The Chinese ICT equipment maker and solutions provider is under fire in the United States over cyber security concerns.
Shenzhen-based ZTE sold its 68 percent stake in ZTEsec to 10 Chinese investment companies including Shenzhen Capital Group.
The sale, worth between $57 million-$70 million, will enable ZTE to focus its resources on its principal businesses in line with the requirements of its strategic development.
ZTE took the decision to sell ZTE Special Equipment (ZTEsec) on September 21, during a US Congressional committee investigation into ZTE and its rival Huawei Technologies.
According to the US Intelligence committee, Huawei and ZTE should be kept from the US market and told US companies to stop doing business with both firms.
ZTEsec’s customers include law enforcement and agencies focusing on criminal groups and terrorists which disseminate hostile messages, communicate and share information that endangers national security and safety of people’s life.
Reuters reported that China’s military, police and telecom carriers are its key customers, citing ZTE’s English language site.
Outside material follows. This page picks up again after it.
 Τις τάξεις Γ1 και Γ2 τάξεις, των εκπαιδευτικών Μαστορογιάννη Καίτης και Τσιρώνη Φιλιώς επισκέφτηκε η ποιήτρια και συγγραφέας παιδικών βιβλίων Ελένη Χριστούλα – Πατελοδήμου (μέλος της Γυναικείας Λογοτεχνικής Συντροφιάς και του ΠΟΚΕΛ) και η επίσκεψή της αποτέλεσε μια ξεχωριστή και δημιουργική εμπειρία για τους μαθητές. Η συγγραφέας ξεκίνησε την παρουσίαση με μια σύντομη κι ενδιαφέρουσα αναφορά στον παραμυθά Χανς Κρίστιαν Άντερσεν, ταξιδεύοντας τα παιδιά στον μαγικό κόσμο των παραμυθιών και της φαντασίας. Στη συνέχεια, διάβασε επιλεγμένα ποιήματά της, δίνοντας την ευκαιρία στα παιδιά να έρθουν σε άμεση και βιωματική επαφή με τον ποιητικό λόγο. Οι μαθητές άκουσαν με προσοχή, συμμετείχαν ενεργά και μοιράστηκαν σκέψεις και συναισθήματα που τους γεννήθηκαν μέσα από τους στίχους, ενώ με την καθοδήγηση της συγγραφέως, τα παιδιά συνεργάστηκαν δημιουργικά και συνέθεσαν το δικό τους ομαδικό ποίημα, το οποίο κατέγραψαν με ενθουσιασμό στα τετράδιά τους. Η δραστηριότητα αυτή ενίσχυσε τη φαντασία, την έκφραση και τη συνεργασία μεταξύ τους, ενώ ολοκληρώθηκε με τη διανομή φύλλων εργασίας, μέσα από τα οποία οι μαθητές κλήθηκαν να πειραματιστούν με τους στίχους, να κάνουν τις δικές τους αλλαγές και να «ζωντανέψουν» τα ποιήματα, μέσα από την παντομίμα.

ZTEsec has showcased its security products at several international trade shows, offering products to government and law enforcement officials that it said could detect passwords of popular webmail services from Yahoo and Google, filter out anti-government Internet traffic, capture cellphone data, tap phone calls and mine troves of intercepted data.
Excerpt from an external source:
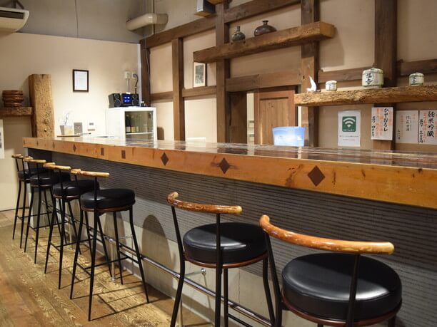 東明蔵にある喫茶カウンターで、利き酒と酒の肴を味わうことができる。日本酒が飲めない人にはお菓子とお茶のセットがあるので安心だ。(すべて有料)

Recently, TelecomLead.com reported that ZTE, as part of focusing on profitability, is planning to shut down nonviable offices in different telecom markets. ZTE will eliminate offices that record loss for a long time with limited prospect of a turnaround. It will also consolidate products that offer little development potential. Exercise headcount control and conduct organizational change is also in the pipeline.